Having deposited my case on my bed, I rub my hands together and turn to Maria. ‘Right, tell me what I’m going to be doing.’ I’m keen to get stuck in to stop myself worrying about Demi and turning over all the possible scenarios in which I might see Stelios again.
‘So, you’ll be on the farm in the mornings, and then the afternoons are your own. You are welcome to eat with us. Everything we cook is grown here on the farm. We haven’t had any workers on the land for a long time, but now times are tougher than ever. We are so grateful to have you here.’ Maria puts her hands to my cheeks. ‘I hope you will be happy with us.’
I suddenly feel as though a fraud alert is going off in my head. Do they think I’m some agricultural specialist? The nearest I’ve come to horticulture is a hanging basket in the back garden. Maybe I should tell them. I stop in my tracks.

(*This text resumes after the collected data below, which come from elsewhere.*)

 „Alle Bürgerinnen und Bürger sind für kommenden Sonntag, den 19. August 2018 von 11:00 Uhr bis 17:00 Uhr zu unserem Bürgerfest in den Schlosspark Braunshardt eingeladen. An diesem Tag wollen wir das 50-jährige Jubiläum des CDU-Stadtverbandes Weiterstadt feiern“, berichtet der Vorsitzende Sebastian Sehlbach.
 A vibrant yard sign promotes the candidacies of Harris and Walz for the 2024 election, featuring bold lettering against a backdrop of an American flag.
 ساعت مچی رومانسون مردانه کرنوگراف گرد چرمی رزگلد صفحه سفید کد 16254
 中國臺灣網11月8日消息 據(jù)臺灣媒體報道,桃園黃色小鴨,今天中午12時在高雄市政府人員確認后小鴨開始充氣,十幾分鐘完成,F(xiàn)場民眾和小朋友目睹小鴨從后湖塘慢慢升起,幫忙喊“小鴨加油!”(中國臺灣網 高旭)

‘I haven’t got any experience with bees or anything. But I’m really hardworking, and quick to learn,’ I finish, hoping that I’ve put the record straight. I want to make it work here. I want to help these people. To stay until I’ve at least got a job to return to. I want to escape the emptiness I felt at home. And all the time I’m here, there’s a chance I’m going to see Stelios again. I have to make this work.

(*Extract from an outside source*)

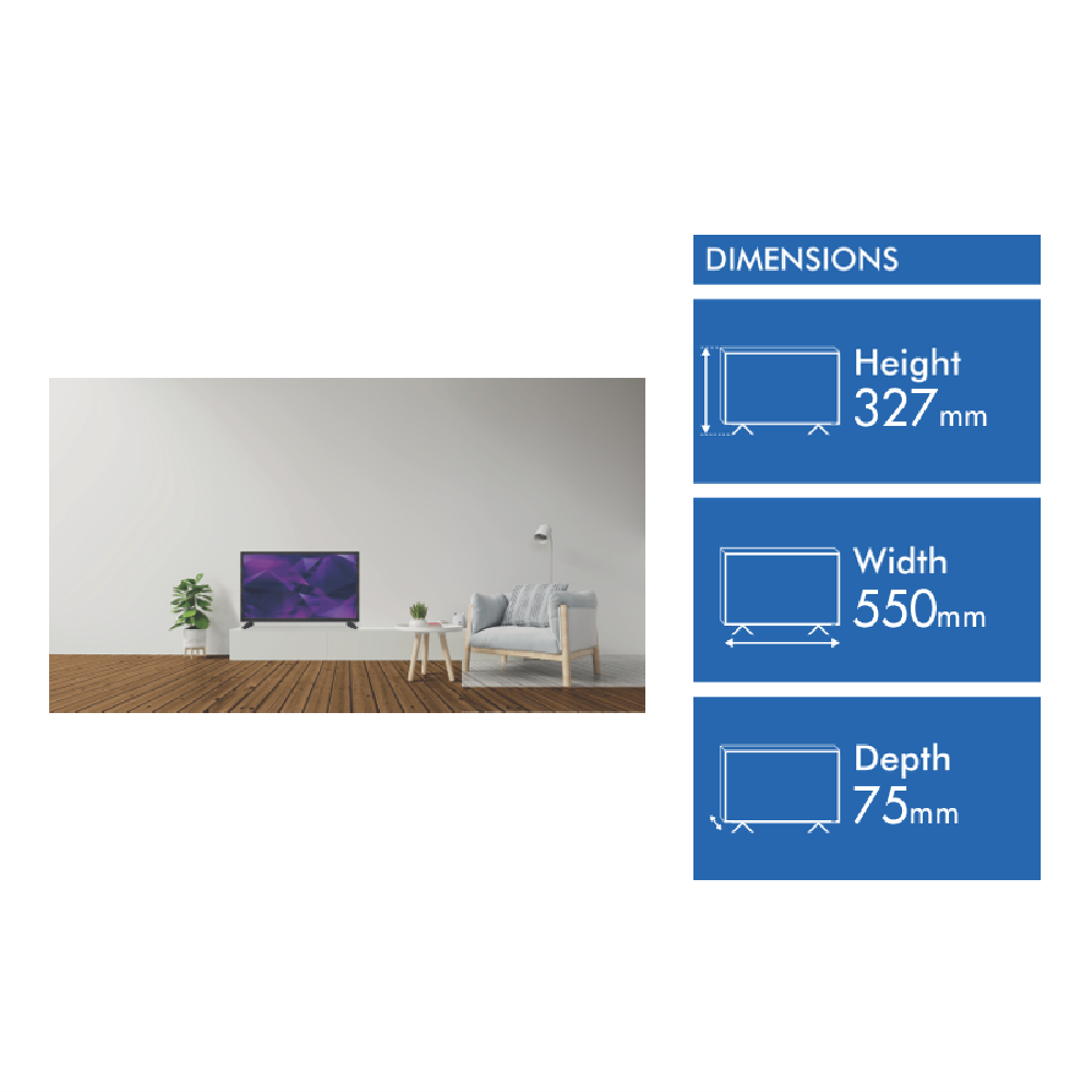 Elevate your entertainment experience with the Linsar 24 HD WebOS Smart TV featuring a vibrant LED display and versatile 12V adaptor for on-the-go viewing. This compact television delivers stunning visuals with its 1366 x 768 HD resolution bringing your favourite content to life in crisp detail. Powered by the intuitive WebOS platform you can easily access popular streaming apps like Netflix YouTube Stan Amazon Prime Video and Disney Plus all from the comfort of your home. With 2 HDMI and 2 USB inputs connecting your devices is a breeze while the 2 x 8W speakers provide immersive audio to complement the stunning picture quality. Measuring 550.3mm wide 326.8mm high and 75mm deep this sleek TV fits seamlessly into any room and includes a 100 x 100 VESA wall mount for flexible placement options. The manufacturer's part number for this product is LS24HDNF-12V. Enjoy the convenience and quality of the Linsar 24 HD WebOS Smart TV backed by a 1-year manufacturer's warranty for added peace of mind.

Kostas beams. ‘Come . . . follow me.’ As we walk away from the farmhouse, he looks left and right, searching the sky again. ‘The bees,’ he says. ‘We must watch out for them and be ready. There has been some commotion on the mountain. They are guarding their hives up there.’ I’m about to ask what sort of a commotion when he continues. ‘We must be careful. I get a reaction, you see. If I get stung . . . phew!’ He holds up his hands as if to show his head swelling, and puffs out his cheeks, then smiles.
I don’t have time to ask any more as Kostas sets off down the worn, rocky path to the side of the farmhouse in a manner that reminds me of the mountain goats in the adjoining field. The smoke from the wood stove in the kitchen is filling the slightly cooling air. I follow him down the slope and the goats trot alongside us
behind the fence, making an almighty racket, baaing and bleating as if calling to Kostas like he’s a returning friend. He stretches out a hand to greet them, stroking the noses that are snuffling and curling towards his hand.

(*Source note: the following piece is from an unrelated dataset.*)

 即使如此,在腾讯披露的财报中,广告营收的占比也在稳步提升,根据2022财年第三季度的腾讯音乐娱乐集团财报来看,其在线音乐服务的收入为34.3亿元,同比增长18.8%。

The fence is home-made, constructed from wooden pallets, the sort used in the factory back home for piling packed boxes of decorations on, ready for shipping out. Here they’re on their sides and secured together with cable ties. Kostas shakes one, checking its sturdiness. Satisfied, he turns back to me. ‘Every morning we milk the goats,’ he points to an open-sided shed, ‘and take the milk to the cheese factory in town. Here in Crete we use a mixture of sheep’s and goat’s milk to make cheese. The factory sells it to restaurants and to tourists,’ he shrugs, ‘when they come. But again, there’s not much call for it these days.’
‘Really? No tourists? I’d have thought visitors would be flocking here,’ I say, looking out over the farm beyond the field of goats. This looks to be the real deal, a traditional Cretan mountain farm and the local town too. I remember tourists arriving in their droves in hire cars and on buses when I was here all those years ago. I even remember we got a lift on one of the organised trips taking tourists up the mountain for the day. Stelios was friendly with all the drivers. He seemed to know everyone. The coach dropped us in the town, on our day off from the resort and picked us up on its way back in the evening.
‘It’s different now. They want the free drinks in the resorts, the swimming pools, the fast food . . .’ Kostas explains. ‘That’s why we need to open up the honey factory again. The tourists in the towns will still buy honey.’